Q: Why is DP the right approach?

Because the subproblem 'is suffix s[j..] segmentable?' is reused across many parents. Memoization makes the total work polynomial.

Q: What about a trie of the words?

A trie lets you check ALL words starting at position j in a single walk of s. That replaces the inner loop with a single pass and can be faster when the dictionary is large with shared prefixes.

mediumAsked at Microsoft

Word Break is Microsoft's introduction to dynamic programming on strings. The dp[i] = 'is s[0..i] segmentable' framing turns an exponential recursion into a linear-in-n^2 fill. Interviewers want to see you reject memoized DFS as a path to the same answer.

By Alex Chen, Founder, InterviewChamp.AI · Last verified 2026-05-19

Source citations

Public interview reports confirming this problem appears in Microsoft loops.

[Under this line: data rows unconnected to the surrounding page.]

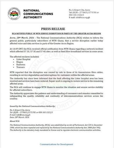 In a press release issued on March 28, 2026, the NCA—not MTN Ghana—took the lead in informing the public about a network failure that disrupted voice, data, and fibre broadband services in several areas.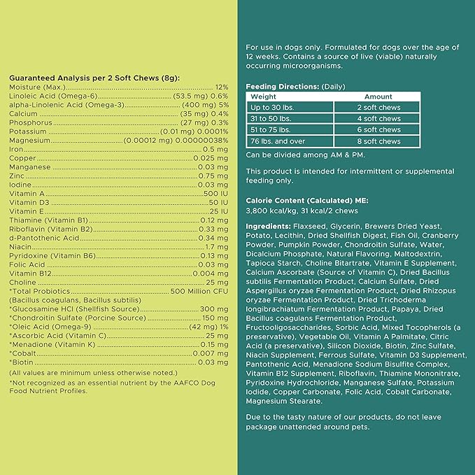 - There are 60 of our pet vitamin and supplement soft chews per bottle, each one has a delicious chicken flavor. Good for all breeds and for small, medium, and large dogs. See the packaging for serving recommendations.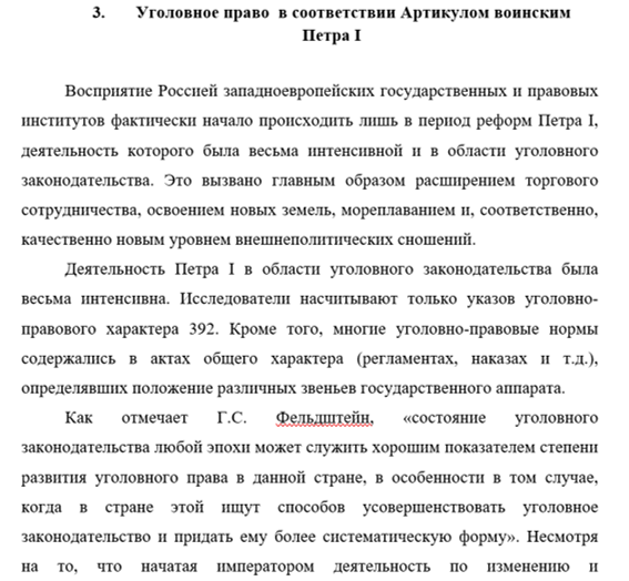 — анализ влияния реформ Петра I на развитие отечественного уголовного права.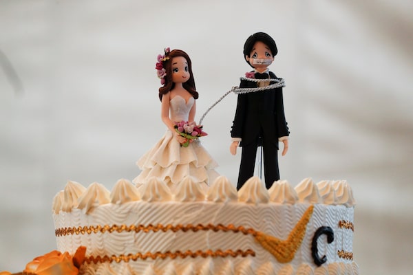 Mexico City, 2019: Figures of a bride and her captive bridegroom, his mouth covered with tape inscribed with 'Yes, I accept!' in Spanish, stand atop a giant multi-tiered wedding cake during a mass wedding ceremony on Valentine's Day.Rebecca Blackwell/The Associated Press/The Associated Press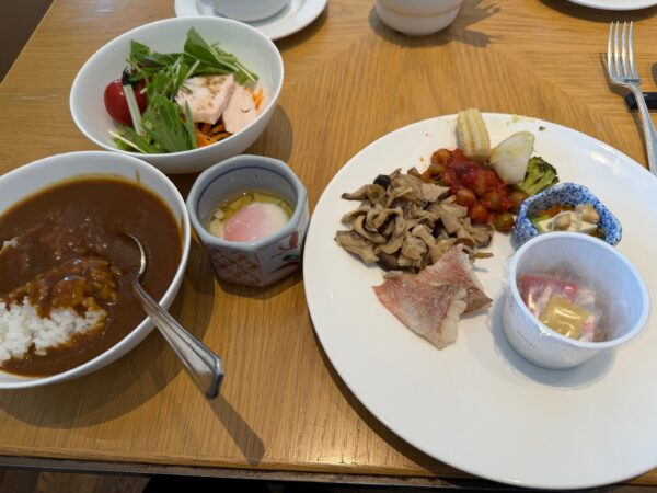 旅行に行っても朝は絶対に食べない私だったが、今回は〇山たけーしがお勧めするウェスティン都ホテルの朝食ビュッフェということで、食べてみることにした。朝カレー、2杯いってもうたわ。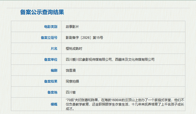 《樱桃成熟时》 由著名编剧饶雪漫操刀剧本,是本次备案中最具现实温度的作品之一。影片以南江县“70后”夫妇陈果、张蓉为原型,讲述他们在海拔1600米的云顶山创办家庭式学堂,十余年间抚养培育上千名孩子的故事。记者了解到,影片原型人物张蓉是当地留守儿童关爱事业的标杆,曾获“全国优秀童伴妈妈”荣誉,并当选四川省人大代表。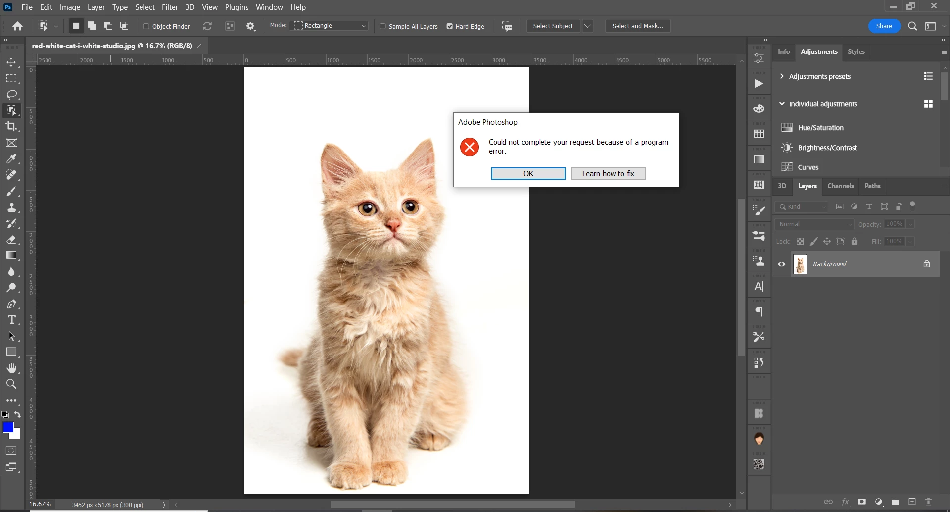I've been trying to select some objects in different photos. Still, when I try to make the selection using the Object Selection tool, I get the message "Could not complete your request because of a program error." Even if I click on the select subject button the selection is done without any problem, the message appears only when I try to make the selection using the mouse.
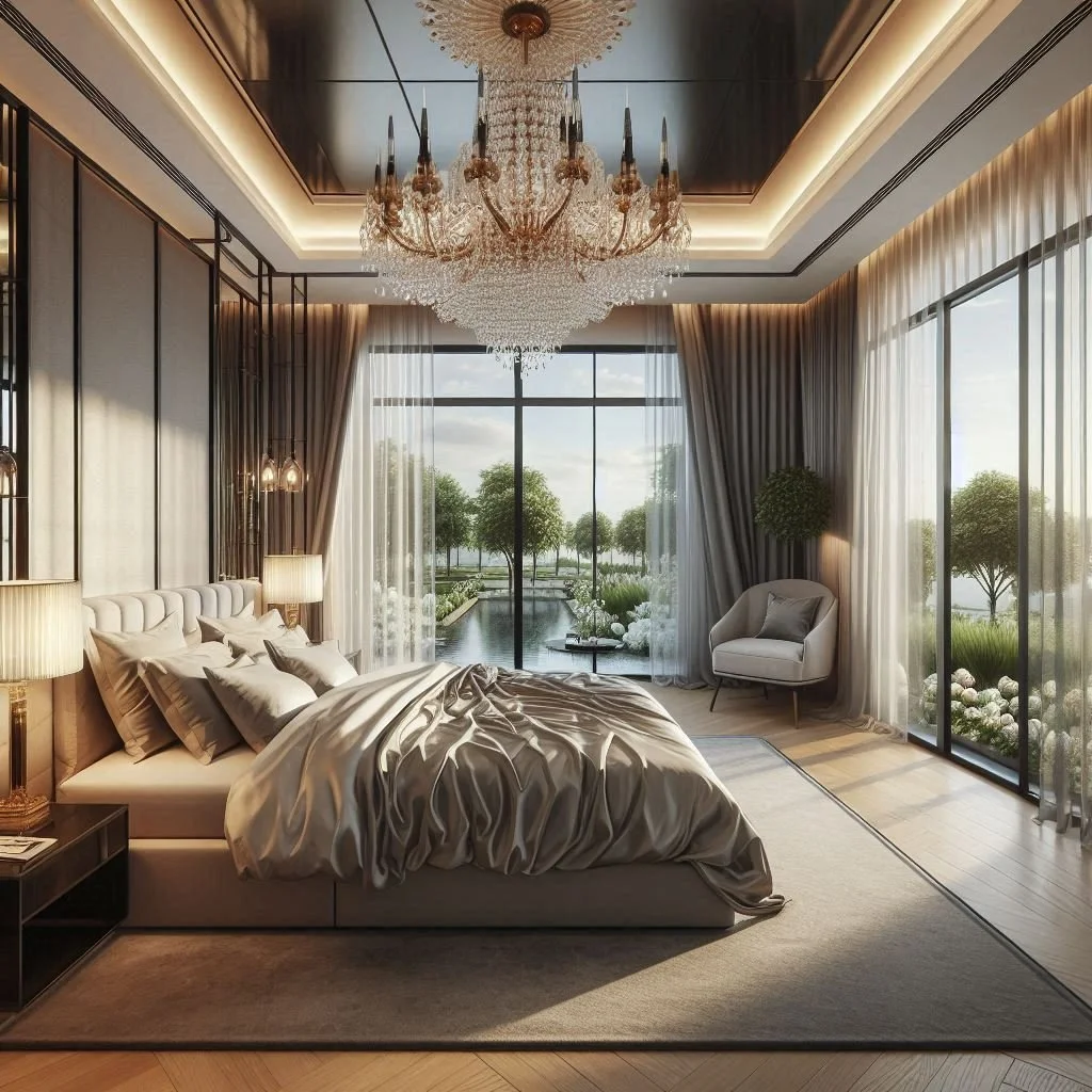 Creating the perfect ambiance is key to a luxury bedroom, and lighting plays a pivotal role in achieving it. Start by incorporating elegant ceiling fixtures, such as chandeliers or pendant lights, to establish a focal point and provide overall illumination. Complement these with bedside lamps or wall sconces for layered lighting that adds depth and functionality. To enhance the versatility of your space, install dimmer switches, allowing you to adjust the brightness to suit any mood—whether it’s a soft, inviting glow for relaxation or brighter lighting for reading and tasks. Thoughtful lighting choices not only enhance the room’s aesthetic but also contribute to its comfort and warmth. By blending statement fixtures with functional accents, you create a well-lit sanctuary that exudes sophistication and adapts effortlessly to your needs, making your bedroom a haven of both style and tranquility.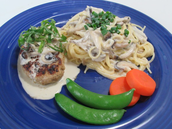 今日の麺料理は「豆腐ハンバーグの和風クリームソースパスタ」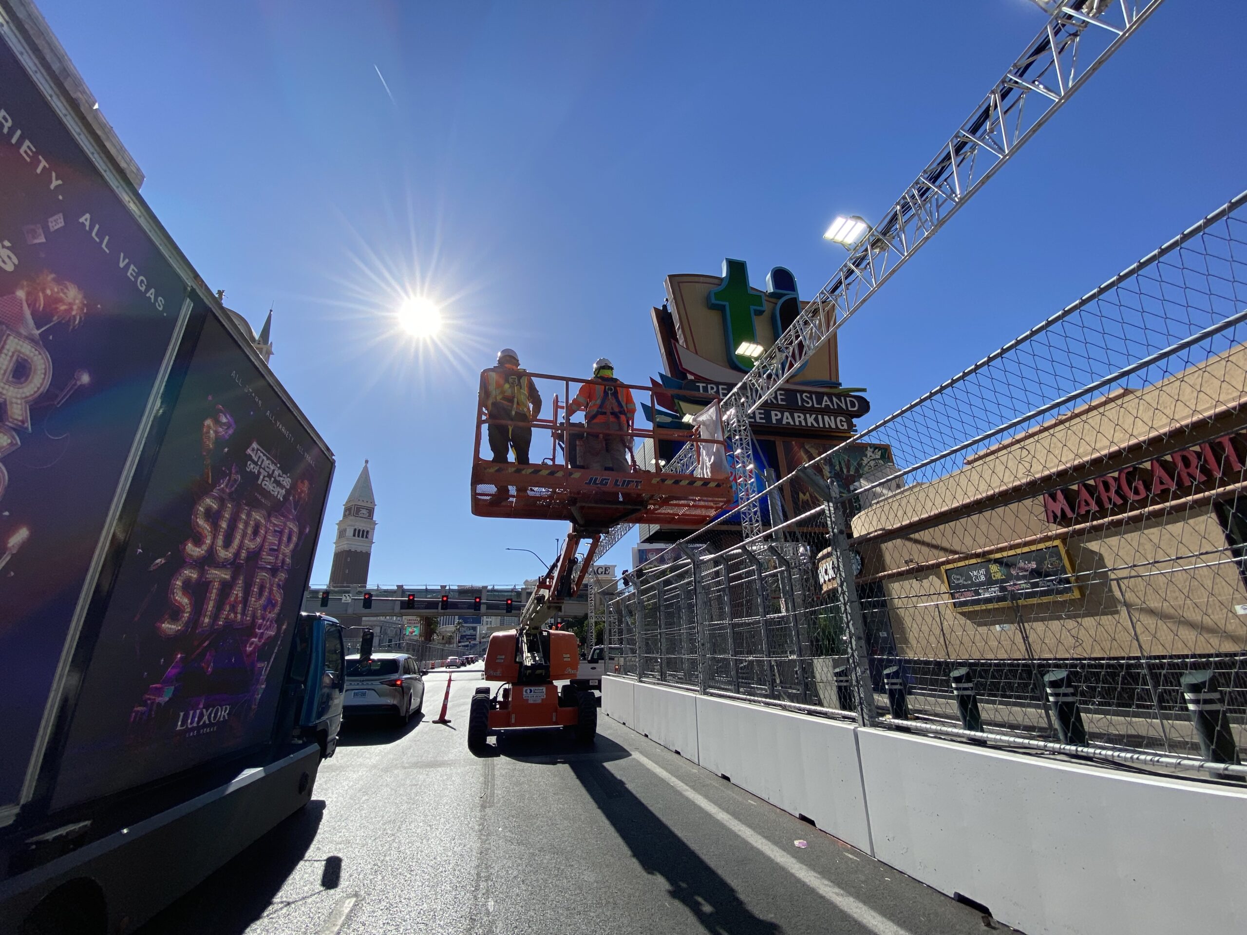 He’s working 18 days straight as Formula One race organizers build a 3.8-mile canyon of fences, barriers, grandstands and lighting mounts on Las Vegas Boulevard, Harmon Avenue, Koval Lane and Sands Avenue for next week’s road race that has divided Las Vegas locals.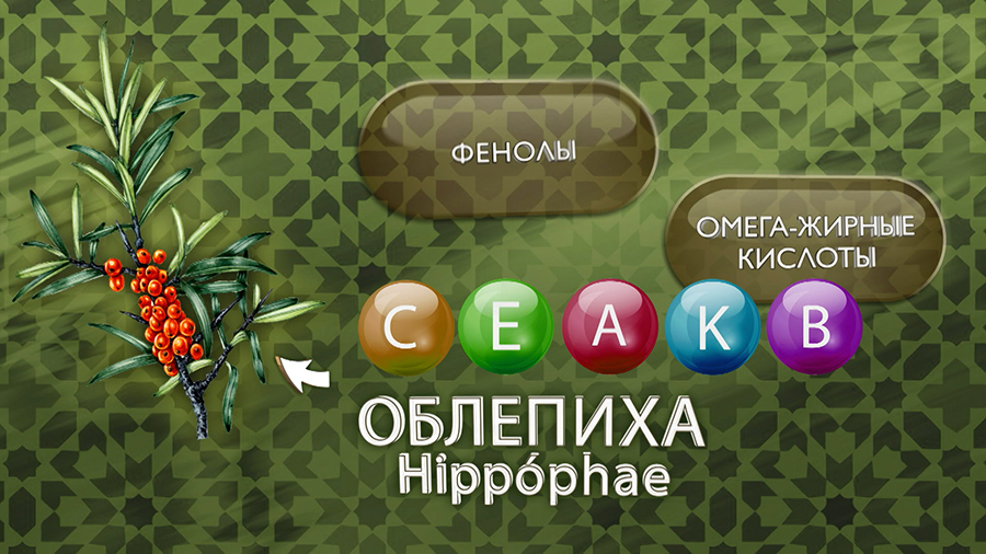 Основные действующие вещества облепихи – витамины C, Е, А, К и группы B, фолиевая кислота, омега-жирные кислоты, фенолы. Важны также каротиноиды, флавоноиды, органические кислоты – они отвечают за противовоспалительное, регенерирующее действие. Богато растение микроэлементами – железом, магнием и калием.

Glassdoor (2026-Q1)— Microsoft Office/Bing org onsite reports list Word Break as a recurring 30-minute DP medium.
Blind (2025-12)— Microsoft new-grad and L60 reports include Word Break as a DP introduction question.

Problem

Given a string s and a dictionary of strings wordDict, return true if s can be segmented into a space-separated sequence of one or more dictionary words. Note that the same word in the dictionary may be reused multiple times in the segmentation.

Constraints

1 <= s.length <= 300
1 <= wordDict.length <= 1000
1 <= wordDict[i].length <= 20
s and wordDict[i] consist of only lowercase English letters.
All the strings of wordDict are unique.

Examples

Example 1

Input

s = "leetcode", wordDict = ["leet","code"]

Output

true

Explanation: Return true because 'leetcode' can be segmented as 'leet code'.

Example 2

Input

s = "applepenapple", wordDict = ["apple","pen"]

Output

true

Example 3

Input

s = "catsandog", wordDict = ["cats","dog","sand","and","cat"]

Output

false

Approaches

1. Bottom-up DP (optimal)

dp[i] = true if s[0..i-1] can be segmented. dp[0] = true. For each i, try every j < i: if dp[j] and s[j..i] is in the dict, set dp[i] = true.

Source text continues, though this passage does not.